L’analisi delle performance economico-finanziarie mostra una buona redditività delle aziende di maggiori dimensioni (patrimonio netto superiore al milione di euro), accreditate di un margine operativo lordo tra il 12% e il 14%, e una buona solidità finanziaria.
Le performance si invertono nelle aziende di dimensioni minori (patrimonio netto inferiore al milione), dove la redditività si ferma al 9% e la salute finanziaria è precaria a causa di uno squilibrio tra capitale proprio e di terzi.
Accanto alle dimensioni gli indicatori di redditività e solidità finanziaria sono influenzati dalla fase della filiera in cui le aziende operano. Come rilevato anche da analisi di settore di Cassa depositi e prestiti e Utilitatis, i gestori proprietari di impianti di trattamento dei rifiuti, fase a più elevata intensità di capitale della filiera, presentano una maggiore redditività, come contropartita della maggior incidenza degli ammortamenti, e un valore della produzione per addetto più elevato, rispetto agli operatori della raccolta e del trasporto dei rifiuti urbani.

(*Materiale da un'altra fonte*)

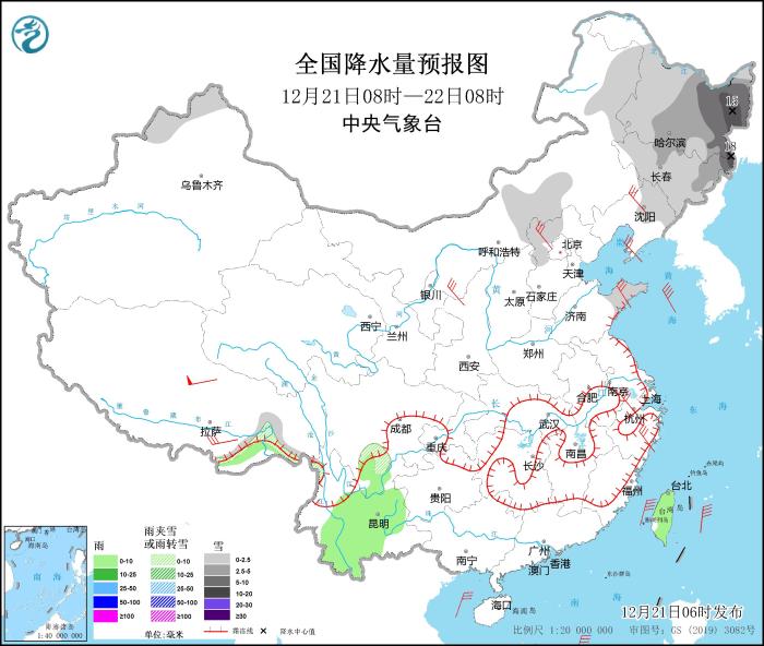 12月21日08時(shí)至22日08時(shí),新疆西北部、內(nèi)蒙古中東部、遼寧東部、吉林、黑龍江等地的部分地區(qū)有小到中雪,其中,吉林東部、黑龍江東部等地的部分地區(qū)有大到暴雪(10~18毫米)。四川盆地南部、西藏東南部、云南大部、臺(tái)灣島等地的部分地區(qū)有小雨或雨夾雪。西藏中南部、陜西北部、河北中北部、遼東半島、山東半島、浙江中北部等地的部分地區(qū)有4~6級(jí)風(fēng)。渤海海峽、黃海大部海域、東海大部海域、臺(tái)灣海峽偏南海域、臺(tái)灣以東洋面、巴士海峽、南海東部和中部海域、南海西南部海域?qū)⒂?~8級(jí)、陣風(fēng)9~10級(jí)的西北到東北風(fēng)。

Nel confronto europeo, le prime 10 aziende del Nord-Ovest mostrano una taglia coerente, se non addirittura maggiore, rispetto a quella delle imprese europee. È da sottolineare tuttavia come nei Paesi europei considerati operino società territoriali presenti a livello sovranazionale (quali Suez, Veolia e Indaver, operanti tra Francia, Paesi Bassi, Belgio e Germania).
Inoltre, come si è già avuto modo di dire, l’organizzazione del settore incide sulle prestazioni delle aziende, tanto che aziende che operano lungo l’intero ciclo integrato e imprese che gestiscono singole fasi della filiera (raccolta e trasporto, impianti di compostaggio, termovalorizzazione o riciclaggio, discariche) presentano tra loro caratteristiche tecnologiche, dimensionali e di redditività molto differenti.
In questi termini, è importante ricordare che Paesi Bassi, Germania e Belgio, presentano una struttura significativamente diversa del settore rispetto all’Italia, incentrata sul recupero di materia ed energia.